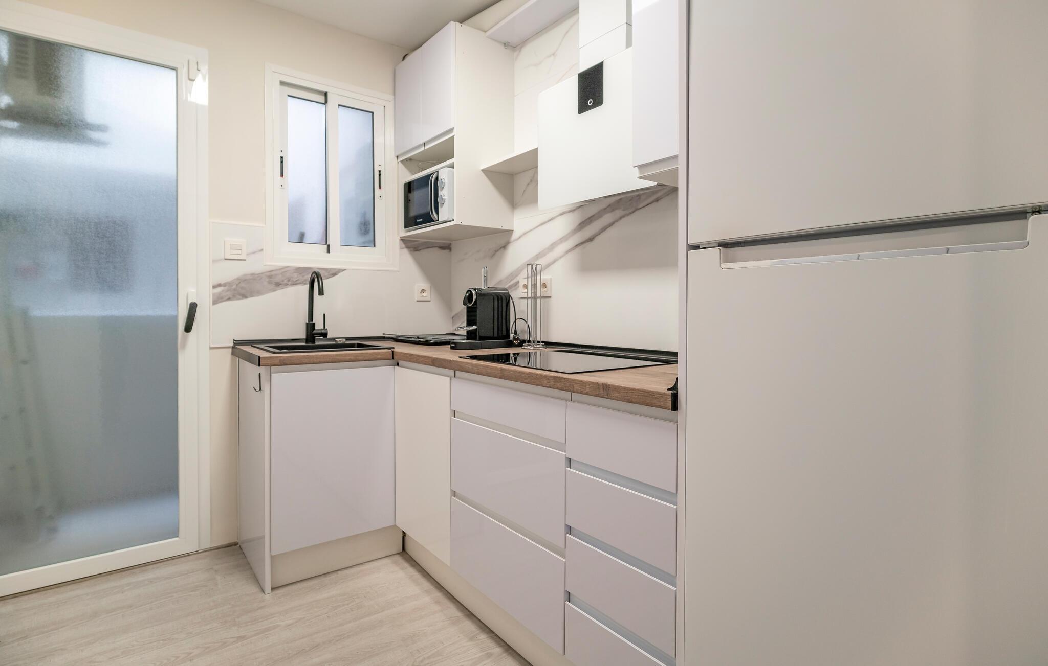 Nur wenige Schritte von Almerías kilometerlangem Sandstrand entfernt, begrüßt Sie diese geschmackvoll eingerichtete Ferienwohnung. Schwingen Sie in der modernen Küche den Kochlöffel und servieren Sie sich leckere Tapas im stilvoll beleuchteten Essbereich. Machen Sie es sich nach einem langen Tag in der Sonne auf den gemütlichen Sofas bequem, vertiefen Sie sich in eine Lektüre oder veranstalten Sie einen geselligen Spieleabend.
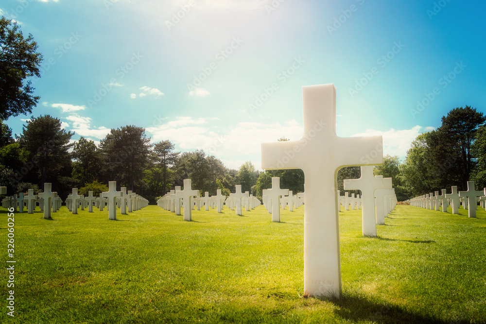 Fotografie Closeup of a white cross military grave in the Normandy American Cemetery on a sunny day, Colleville-sur-Mer, France
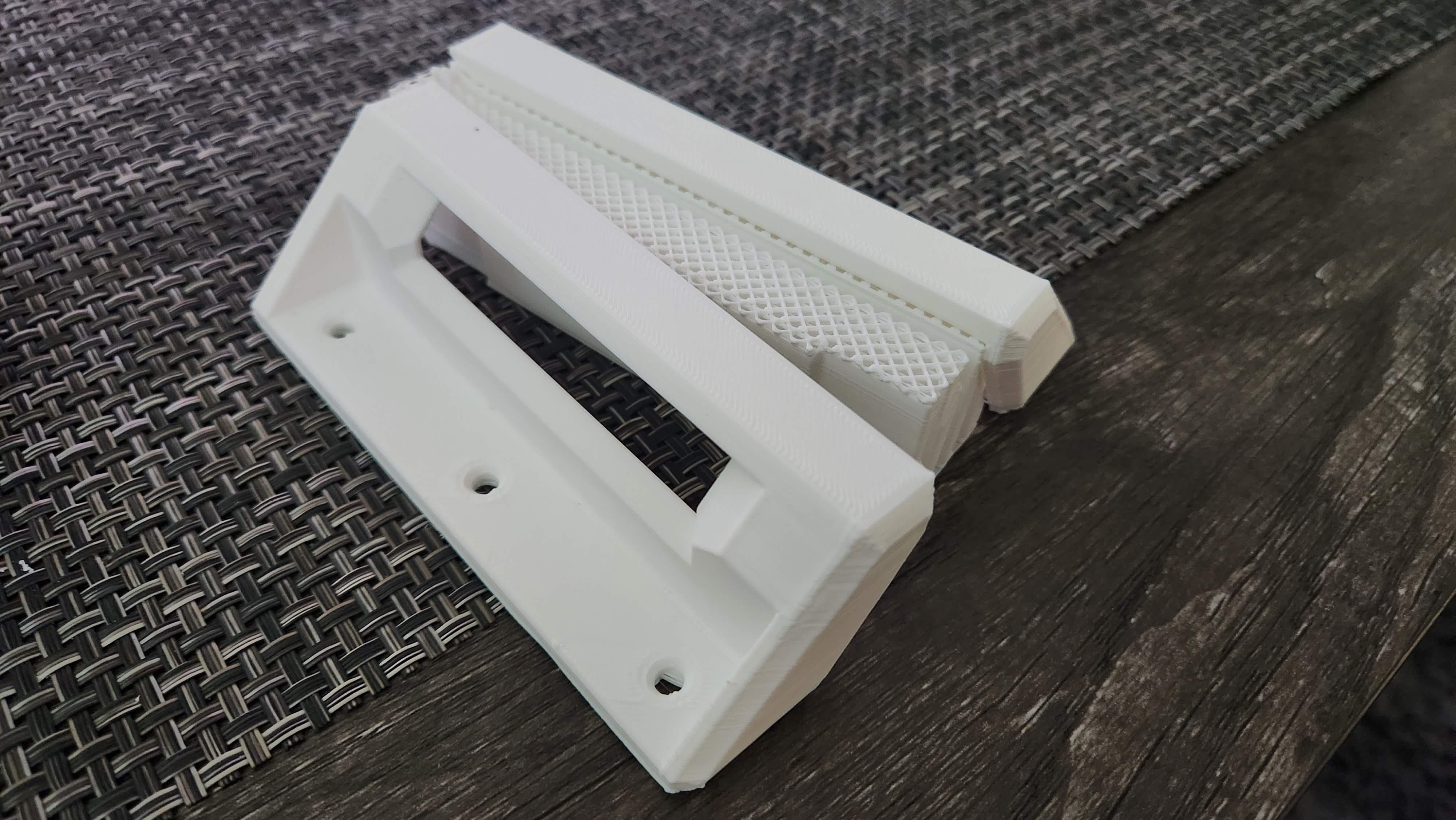 Um die volle Funktionalität zu gewährleisten, ist die Halterung zweiteilig aufgebaut und ermöglicht so ungehinderten Zugriff auf die seitlichen USB-Anschlüsse des Laptops. Die konturierte Form folgt dem seitlichen Profil des Laptops, und integrierte Stützrippen erhöhen die Steifigkeit und Stabilität. Ein integrierter Anschlag verhindert, dass der Laptop versehentlich aus der Halterung rutscht.
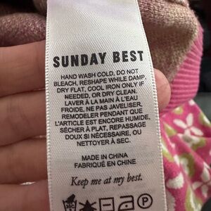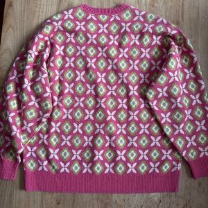 Chic pink sweater with green and white geometric design. Ideal for casual wear. Bought from Aritzia
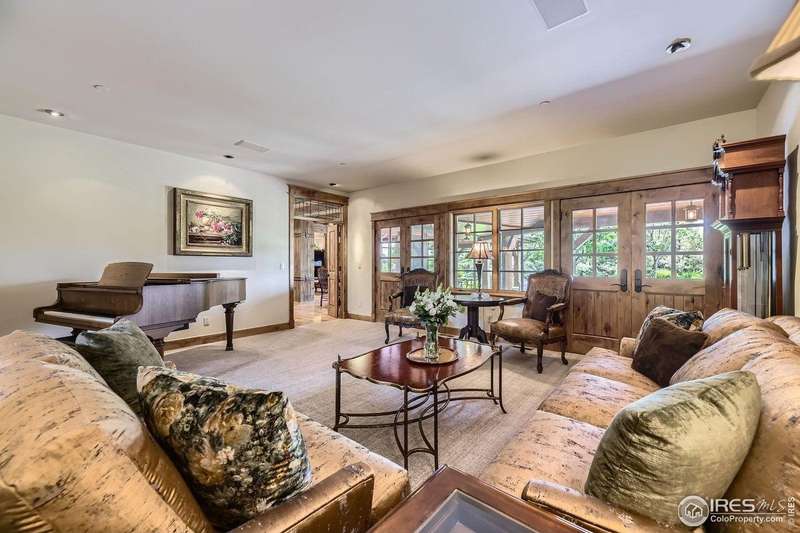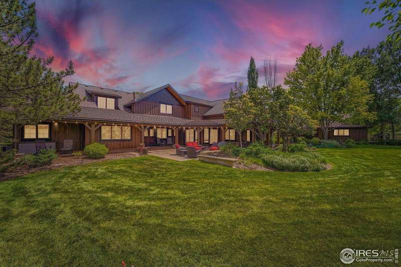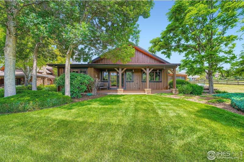 Timeless Design, Sweeping Views, and Unmatched Privacy - Welcome to 8576 Niwot Meadow Farm Road, an exceptional custom estate at the end of a private drive on nearly 3 acres, surrounded on three sides by over 40 acres of permanent open space. Just a 10-minute walk to downtown Niwot via scenic trails, this 5-bedroom, 5 full bath + 3 powder room residence offers over 7,700 finished square feet of refined living with wide hallways, soaring ceilings, and custom finishes throughout. The main level features a sunlit great room with stone fireplace, elegant dining areas, a richly appointed library, and a chef's kitchen with premium appliances, large island, and butler's pantry. The main-level private suite includes a fireplace, spa-style bath, a single walk-in closet with dual access, and direct access to the rear deck. A separate guest suite on the opposite side of the main level ensures comfort and privacy. Upstairs includes en suite bedrooms with walk-in closets and a flexible bonus room that can be closed off. The finished lower level adds a large recreation room, wine cellar, and storage. The detached barn-style structure-originally designed as a professional workspace-includes a kitchenette, meeting room, office, powder room, hickory flooring, flat ceilings, and a covered private deck. While not built for overnight guests, the space has future potential for guest or multi-generational living. The barn includes a 2.5-car garage; the main home features an oversized 2-car garage. Manicured landscaping, mahogany decks with electric shades, and space for a pool or sport court complete this private haven in one of Niwot's most picturesque and prestigious neighborhoods.
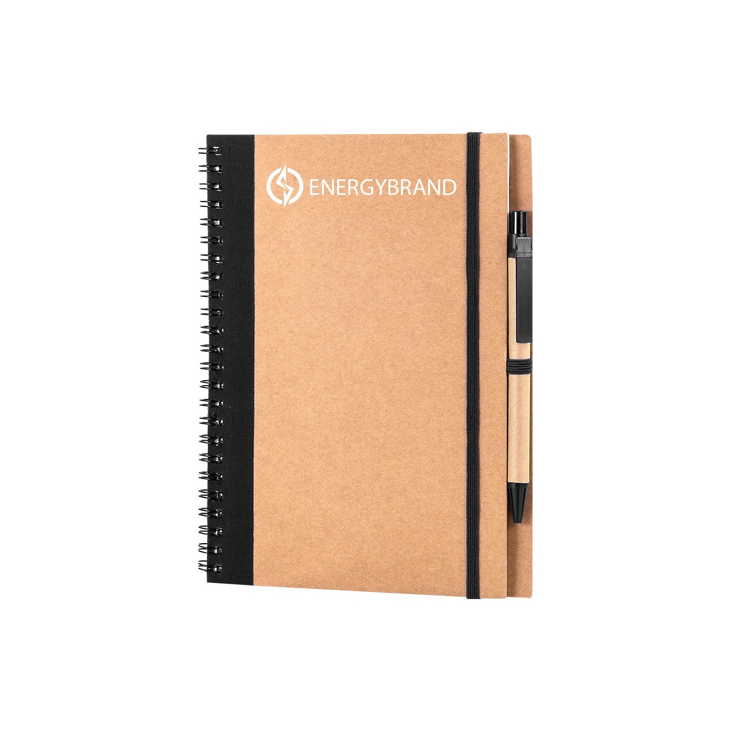 La Libreta A5 Recikla es ecológica y práctica, cartón reciclado, bolígrafo incluido, 60 páginas lisas, certificado FSC. Ideal para la oficina y regalos sostenibles.
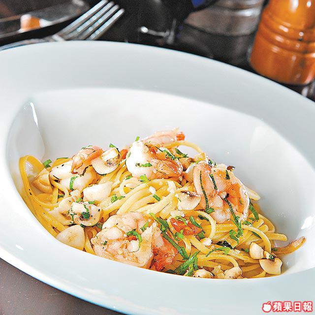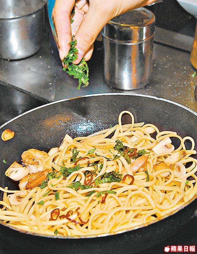 材料:扁意粉300克、細蒜頭2粒(切片)、辣椒1隻(切絲)、羅勒葉4片、蝦10隻、蘑菇6粒、橄欖油3茶匙、鹽/胡椒粉/水各適量
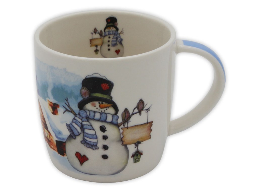 Krásně vykreslené a vybarvené sněhuláky najdete na porcelánovém hrníčku. Motiv pro zimní pohodu udělá radost dětem i dospělým.
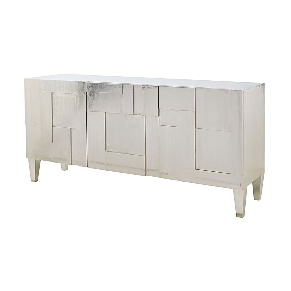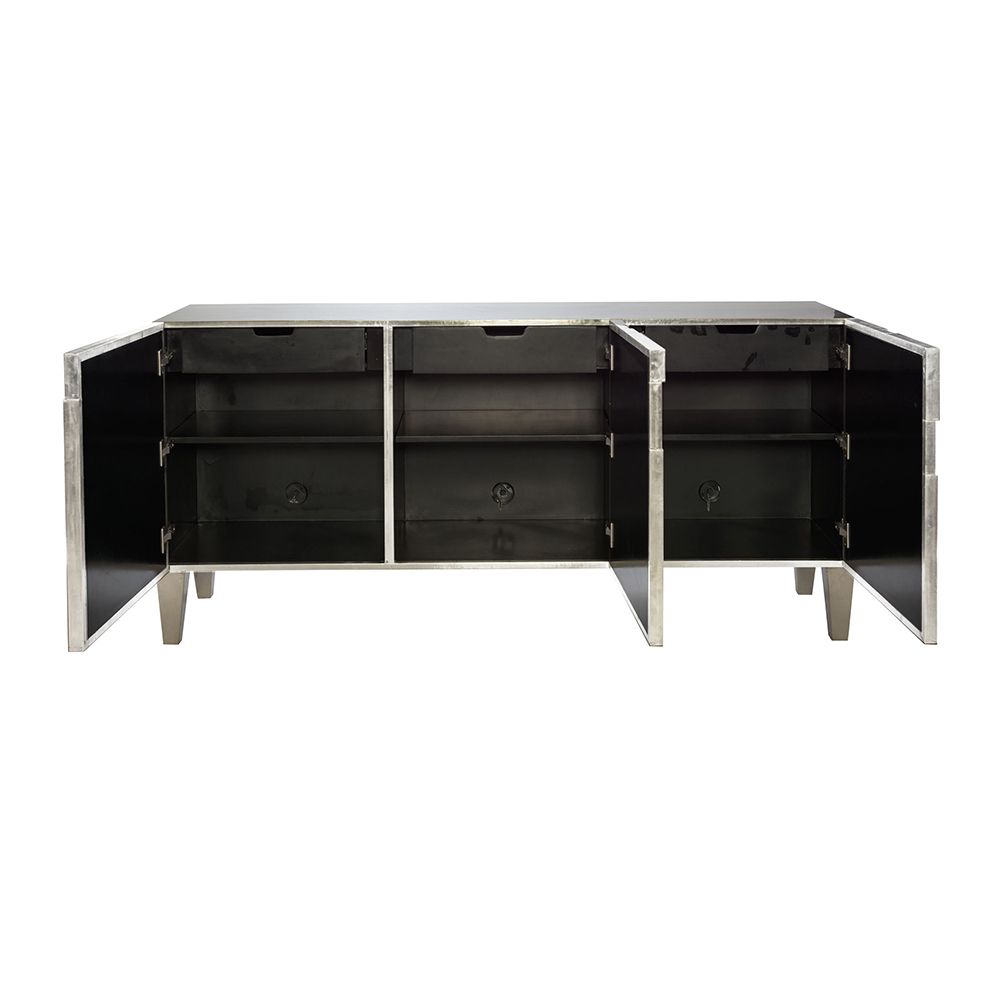 Make a statement in your entertainment space with the luxurious Carleton Entertainment Unit. This dazzling, eye-catching piece features a stunning silver finish that will shine beautifully and unforgivably throughout any living room it is placed in. This lustrous TV base is completed with three large doors which hold internal shelving and drawers, providing an abundance of storage for your living area.

• _Task directions_:
Restate exactly, please, only the lines between the start of the data and the line containing "Chic pink sweater", both ends included, skipping the pictures.

• _Result of the task_:
 Nur wenige Schritte von Almerías kilometerlangem Sandstrand entfernt, begrüßt Sie diese geschmackvoll eingerichtete Ferienwohnung. Schwingen Sie in der modernen Küche den Kochlöffel und servieren Sie sich leckere Tapas im stilvoll beleuchteten Essbereich. Machen Sie es sich nach einem langen Tag in der Sonne auf den gemütlichen Sofas bequem, vertiefen Sie sich in eine Lektüre oder veranstalten Sie einen geselligen Spieleabend.
 Fotografie Closeup of a white cross military grave in the Normandy American Cemetery on a sunny day, Colleville-sur-Mer, France
 Um die volle Funktionalität zu gewährleisten, ist die Halterung zweiteilig aufgebaut und ermöglicht so ungehinderten Zugriff auf die seitlichen USB-Anschlüsse des Laptops. Die konturierte Form folgt dem seitlichen Profil des Laptops, und integrierte Stützrippen erhöhen die Steifigkeit und Stabilität. Ein integrierter Anschlag verhindert, dass der Laptop versehentlich aus der Halterung rutscht.
 Chic pink sweater with green and white geometric design. Ideal for casual wear. Bought from Aritzia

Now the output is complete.